Whole thick sections were imaged without coverslips under non-polarized light to measure vascular canal orientation as well as under circularly polarized light to distinguish between parallel-fibered and woven bone matrix (Figs. S1 and S2). After polarized light microscopy was performed, sections were acid-etched and stained with a heated solution of toluidine blue (Eurell & Sterchi, 1994). This particular preparation of toluidine blue does not require the removal of embedding resin and works on thick sections already mounted to slides. Because this base-like metachromatic dye highlights features rich in acidic or anionic components such as cement lines of secondary osteons, medullary bone, and hyaline cartilage, we were able to quickly identify and exclude vascular canals of secondary osteons from further analysis (Figs. S3 and S4). Stained and unstained sections were imaged using a motorized light microscope (Ni-U; Nikon, Tokyo, Japan, USA) with a strain-free long working distance objective (10× Plan Fluor: numerical aperture of 0.3, resolvable size ≈1 µm). Focus and stitching of histological montages were controlled by software (NIS Elements D; Nikon, Tokyo, Japan, USA). The montages were sharpened using Photoshop (CS5; Adobe, San Jose, California, USA) with the “Unsharp Mask” filter set at 10 px and are high resolution (2.1 µm per pixel). In accordance with major grant funding agencies and to promote data transparency, the montages are freely accessible as interactive digital slides at the Paleohistology Repository (Lee & O’Connor, 2013: http://paleohistology.appspot.com). After imaging, a standard glass coverslip was mounted (Permount; Fisher Scientific, Hampton, New Hampshire, USA) to each physical slide to arrest long-term cracking of undecalcified bone sections.
Assessing bone laminarity
A method to measure primary vascular canal orientation was first proposed by de Margerie (2002) and later used by subsequent studies (e.g., Lee, 2004; Skedros & Hunt, 2004; Cubo et al., 2005; Simons & O’Connor, 2012). Although we recognize that this method was modified to offer greater descriptive precision (de Boef & Larsson, 2007; Lee, 2007), the added precision is excessive for the bat dataset because canal orientation is unambiguous. Therefore, we used the method by de Margerie (2002) with slight modifications to improve throughput.

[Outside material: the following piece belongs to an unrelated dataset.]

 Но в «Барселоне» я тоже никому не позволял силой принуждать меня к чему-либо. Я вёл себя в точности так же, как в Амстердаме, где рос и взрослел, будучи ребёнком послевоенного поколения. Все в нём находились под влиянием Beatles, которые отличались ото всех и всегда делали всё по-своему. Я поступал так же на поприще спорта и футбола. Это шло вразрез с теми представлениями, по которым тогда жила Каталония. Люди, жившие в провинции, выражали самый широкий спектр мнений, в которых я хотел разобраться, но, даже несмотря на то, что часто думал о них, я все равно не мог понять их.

Using Photoshop, we divided the cortex of each thick section into octants and extracted the four cortical octants representing cardinal anatomical positions (bats: anterior, posterior, lateral, and medial; birds: cranial, caudal, dorsal, and ventral). We avoided measurement below the plane of section (i.e., the polished surface) and only measured the most in-focused portions of each primary vascular canal. If a canal branched, it was separated into individual canals at the node. Vascular canals of secondary osteons were excluded from further analysis. Using ImageJ, an ellipse was fitted inside each canal, and aspect ratio and orientation of the major axis relative to the periosteal surface were measured. To determine canal orientation from the aspect ratio and major axis of the ellipse, we followed criteria proposed by de Margerie (2002). The criteria are summarized as follows: (1) longitudinal canals have an aspect ratio of less than 3 (Fig. 1B); (2) circumferential canals have major axes oriented 0° ± 22.5° relative to the nearest tangent line drawn at the periosteal surface (Fig. 1A); (3) radial canals have major axes oriented 90° ± 22.5° relative to the nearest tangent line drawn at the periosteal surface (Fig. 1C); and (4) all remaining canals are oblique.

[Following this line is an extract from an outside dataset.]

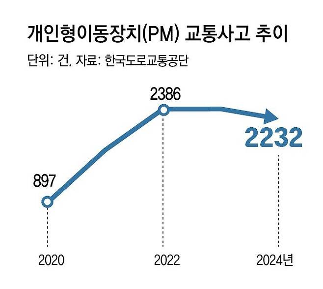 전동킥보드 등 개인형이동장치 사고… 2020년 897건에서 작년 2232건으로

In most sections, the curvature of the periosteal surface means that the tangent line needed to measure circumferential and radial canals changes across the cortical octant. The repeated referencing of each canal to a variable periosteal tangent line is time-consuming and increases the likelihood of measurement error. We standardized the tangent line and thereby increased the throughput of canal measurement by uncurving each cortical octant relative to the periosteal surface using the “Straighten” function in ImageJ (1.49b, National Institutes of Health, USA). Once a cortical quadrant is “straightened”, the periosteal surface is aligned with the horizontal (Figs. 2 and 3) and a constant reference line is established. To assess the extent of image deformation on canal orientation, we overlaid a graphical layer containing known test angles relative to the periosteal surface and circular profiles prior to straightening. On average, image deformation is acceptable; test angles deviate no more than 5 degrees from their original values, and circular profiles maintain aspect ratios between 1.00–1.17. At least for the currently sampled bones with relatively thin cortices, the “Straighten” function preserves original orientation data.

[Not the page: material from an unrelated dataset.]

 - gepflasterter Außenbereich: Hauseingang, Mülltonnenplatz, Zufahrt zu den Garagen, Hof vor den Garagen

We calculated the proportion of circumferential canals for sections with a non-zero number of circumferential canals (laminarity index sensu de Margerie, Cubo & Castanet, 2002) using the Wilson estimate for a population proportion and confidence interval. This estimate accounts for bias from small sample sizes (Samuels & Witmer, 1999). Published laminarity index values from six individuals of broad-winged birds were included for comparison (Simons & O’Connor, 2012).
Compilation of relative growth and field metabolic rates
We compiled chiropteran and avian growth curves (40 and 56, respectively) from available literature (Zullinger et al., 1984; Kunz & Stern, 1995; Starck & Ricklefs, 1998; Koehler & Barclay, 2000; Kunz & Hood, 2000; McLean & Speakman, 2000; Jin et al., 2012). For each species, two values were calculated at the age of growth inflection (see equations in: Lee et al., 2013): (1) maximum growth rate and (2) body mass (Table S3). Maximum growth rate is strongly correlated with mass (Case, 1978). To account for the confounding effect of size on maximum growth rate, relative growth rate (RGR) was used instead and was calculated as the ratio of maximum growth rate and mass at inflection (e.g., Cooper et al., 2008).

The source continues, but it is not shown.